The voussoirs are doing the structural bit, so I wonder if you mean stiffness instead?


----------



## Jacob (30 Oct 2022)

Adam W. said:


> The voussoirs are doing the structural bit, so I wonder if you mean stiffness instead?


I was thinking how you'd do the 3 way join where the straight bar meets the two curved.
No prob if cast or soldered but not easy in wood on external joinery


----------



## Adam W. (30 Oct 2022)

Jacob said:


> I was thinking how you'd do the 3 way join where the straight bar meets the two curved.
> No prob if cast or soldered but not easy in wood on external joinery


That's the tricky part for sure.

I worked on a 10' tall timber window in Oregon which had a fan at the top and it was very flexy indeed, quite worrying really as we had to work off the ladder propped against it at the time.


----------



## HOJ (30 Oct 2022)

My little brain has an idea! could they not be made as individual elements in timber and then glued together/laminated, and planted on, for example:



Rough idea.


----------



## Jacob (30 Oct 2022)

HOJ said:


> My little brain has an idea! could they not be made as individual elements in timber and then glued together/laminated, and planted on, for example:
> View attachment 146150
> 
> Rough idea.


Could be the way to make a pattern for a mould, even if not viable in itself?


----------



## Silfi (30 Oct 2022)

This company a short distance from Edinburgh would be worth a look--








Home - P. Johnson & Company







www.rathobyresforge.co.uk




Their work is absolutely stunnning.


----------



## rogxwhit (30 Oct 2022)

I'm seeing it as a foundry job rather than a forge job. Not only will there be a rebate but very likely a moulding too on the reverse.


----------



## Jacob (30 Oct 2022)

rogxwhit said:


> I'm seeing it as a foundry job rather than a forge job. Not only will there be a rebate but very likely a moulding too on the reverse.
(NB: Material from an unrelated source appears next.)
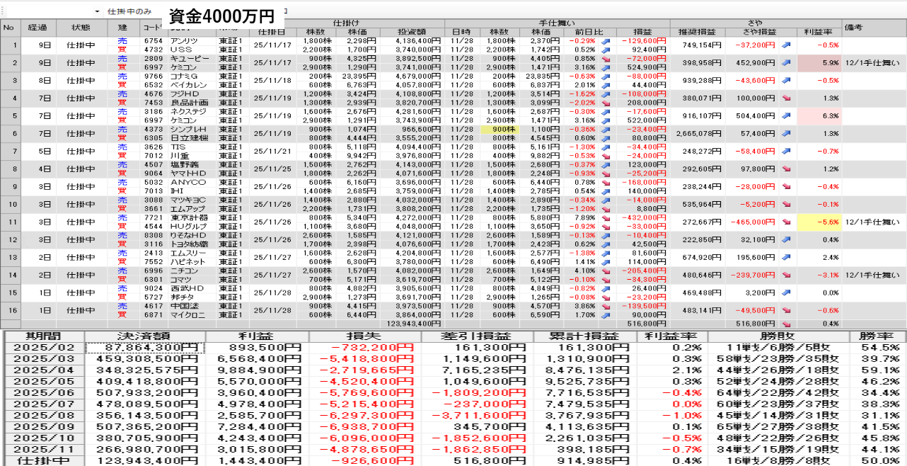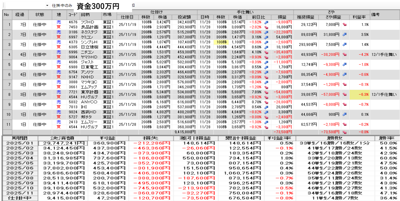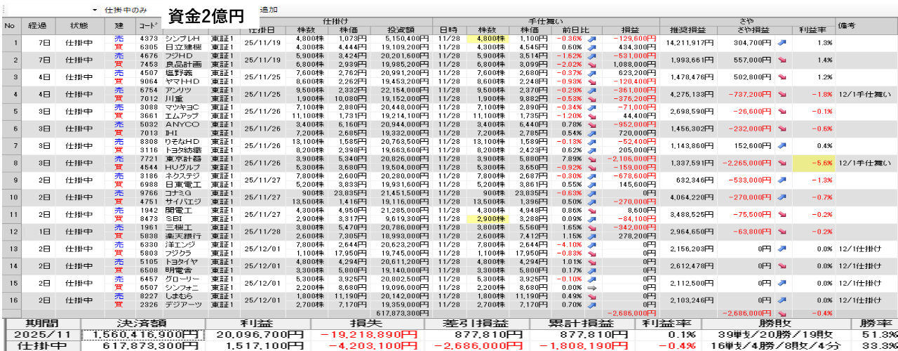 明日の取引銘柄と今日の結果を公開 11月28日

Yes. But just putty rebate on the other side, no mouldings.


----------



## Jones (31 Oct 2022)

Try Ballantines castings in Boness just outside Edinburgh, they probably did the original one and have likely still got the pattern. For a cheaper option get some masking tape and paint it on.


----------



## Limey Lurker (31 Oct 2022)

Having priced, many years ago, the replacement of a very much smaller and very much simpler iron casting, I would examine every other source before deciding on a new casting of this complexity! And if a new casting was inevitable, I'd have it cast in Aluminium, because there would be less likelyhood of cracking whilst cooling.


----------